Instructions to follow.
Word for word, copy all the data and drop the pictures.

Given material.
####################

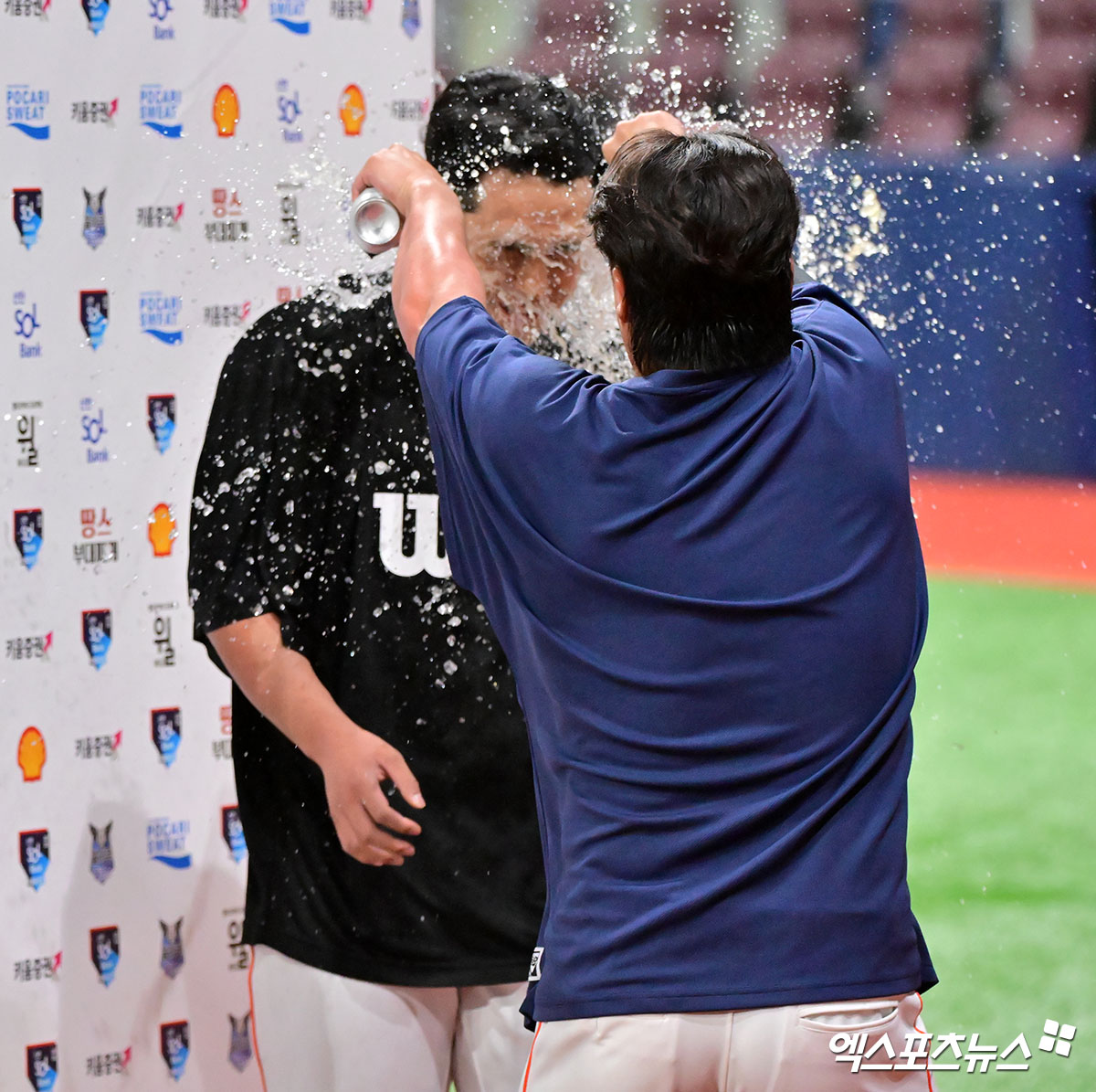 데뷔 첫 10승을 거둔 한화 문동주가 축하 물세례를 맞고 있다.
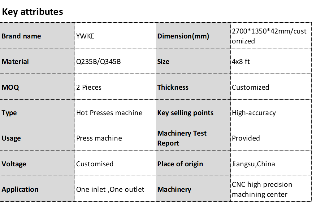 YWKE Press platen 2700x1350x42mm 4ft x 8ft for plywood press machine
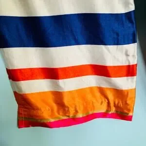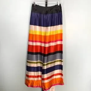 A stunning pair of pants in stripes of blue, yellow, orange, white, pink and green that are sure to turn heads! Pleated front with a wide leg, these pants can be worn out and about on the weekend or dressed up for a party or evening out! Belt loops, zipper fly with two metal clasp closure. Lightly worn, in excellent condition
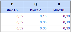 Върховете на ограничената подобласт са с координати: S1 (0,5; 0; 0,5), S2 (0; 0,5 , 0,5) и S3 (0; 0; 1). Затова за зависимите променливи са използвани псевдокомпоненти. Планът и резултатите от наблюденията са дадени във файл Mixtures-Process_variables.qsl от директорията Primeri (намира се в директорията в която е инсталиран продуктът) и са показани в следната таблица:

####################

Finished task.
 데뷔 첫 10승을 거둔 한화 문동주가 축하 물세례를 맞고 있다.
 YWKE Press platen 2700x1350x42mm 4ft x 8ft for plywood press machine
 A stunning pair of pants in stripes of blue, yellow, orange, white, pink and green that are sure to turn heads! Pleated front with a wide leg, these pants can be worn out and about on the weekend or dressed up for a party or evening out! Belt loops, zipper fly with two metal clasp closure. Lightly worn, in excellent condition
 Върховете на ограничената подобласт са с координати: S1 (0,5; 0; 0,5), S2 (0; 0,5 , 0,5) и S3 (0; 0; 1). Затова за зависимите променливи са използвани псевдокомпоненти. Планът и резултатите от наблюденията са дадени във файл Mixtures-Process_variables.qsl от директорията Primeri (намира се в директорията в която е инсталиран продуктът) и са показани в следната таблица:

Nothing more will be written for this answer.